## YOUR GOAL
Which lines run from the start of the material below through the line containing "米兰冬奥会花滑赛场,无数观众"? Retype them exactly, pictures excluded.

## GIVEN DATA
= = =

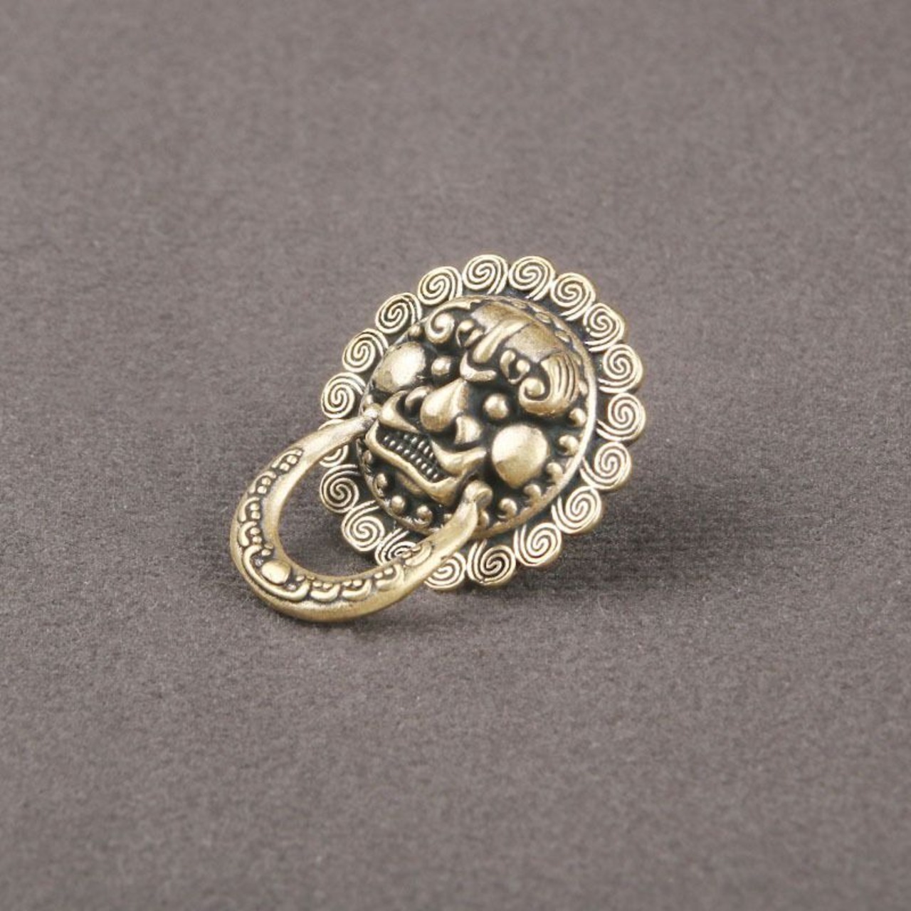 このデザインは、古来より中国の宮殿や豪邸の門扉を飾ってきた「鋪首(ほしゅ)/ 獣頭環(じゅうとうかん)」と呼ばれる、魔除けと権威の象徴をモチーフとしています。力強く威厳のある顔つきと、周囲に渦巻く祥雲(しょううん)のような吉祥文様は、家や持ち主をあらゆる邪悪なものから守り、良い運気だけを招き入れるという強いメッセージが込められているように感じられます。
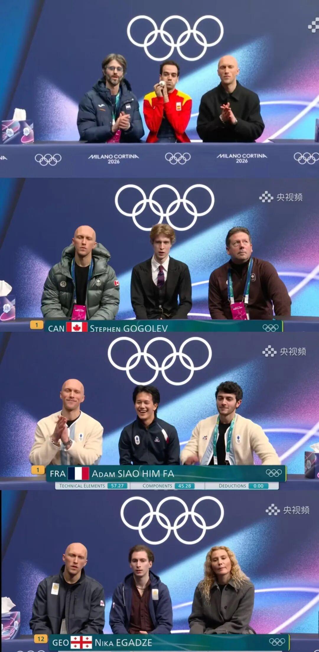米兰冬奥会花滑赛场,无数观众都注意到这位身形高瘦的光头男人。前一秒他在美国选手旁边,下一秒他又和法国选手站一起,接着是加拿大选手、墨西哥选手……并且和不同选手在一起,他都要换一件队服。
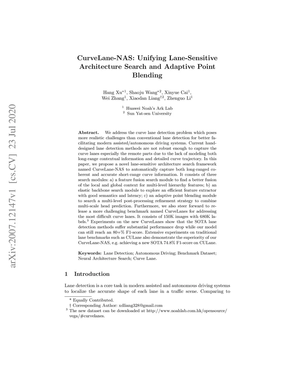 We address the curve lane detection problem which poses more realistic challenges than conventional lane detection for better facilitating modern assisted/autonomous driving systems. Current hand-designed lane detection methods are not robust enough to capture the curve lanes especially the remote parts due to the lack of modeling both long-range contextual information and detailed curve trajectory. In this paper, we propose a novel lane-sensitive architecture search framework named CurveLane-NAS to automatically capture both long-ranged coherent and accurate short-range curve information while unifying both architecture search and post-processing on curve lane predictions via point blending. It consists of three search modules: a) a feature fusion search module to find a better fusion of the local and global context for multi-level hierarchy features; b) an elastic backbone search module to explore an efficient feature extractor with good semantics and latency; c) an adaptive point blending module to search a multi-level post-processing refinement strategy to combine multi-scale head prediction. The unified framework ensures lane-sensitive predictions by the mutual guidance between NAS and adaptive point blending. Furthermore, we also steer forward to release a more challenging benchmark named CurveLanes for addressing the most difficult curve lanes. It consists of 150K images with 680K labels.The new dataset can be downloaded at github.com/xbjxh/CurveLanes (already anonymized for this submission). Experiments on the new CurveLanes show that the SOTA lane detection methods suffer substantial performance drop while our model can still reach an 80+% F1-score. Extensive experiments on traditional lane benchmarks such as CULane also demonstrate the superiority of our CurveLane-NAS, e.g. achieving a new SOTA 74.8% F1-score on CULane.

= = =

## YOUR RESPONSE
 このデザインは、古来より中国の宮殿や豪邸の門扉を飾ってきた「鋪首(ほしゅ)/ 獣頭環(じゅうとうかん)」と呼ばれる、魔除けと権威の象徴をモチーフとしています。力強く威厳のある顔つきと、周囲に渦巻く祥雲(しょううん)のような吉祥文様は、家や持ち主をあらゆる邪悪なものから守り、良い運気だけを招き入れるという強いメッセージが込められているように感じられます。
米兰冬奥会花滑赛场,无数观众都注意到这位身形高瘦的光头男人。前一秒他在美国选手旁边,下一秒他又和法国选手站一起,接着是加拿大选手、墨西哥选手……并且和不同选手在一起,他都要换一件队服。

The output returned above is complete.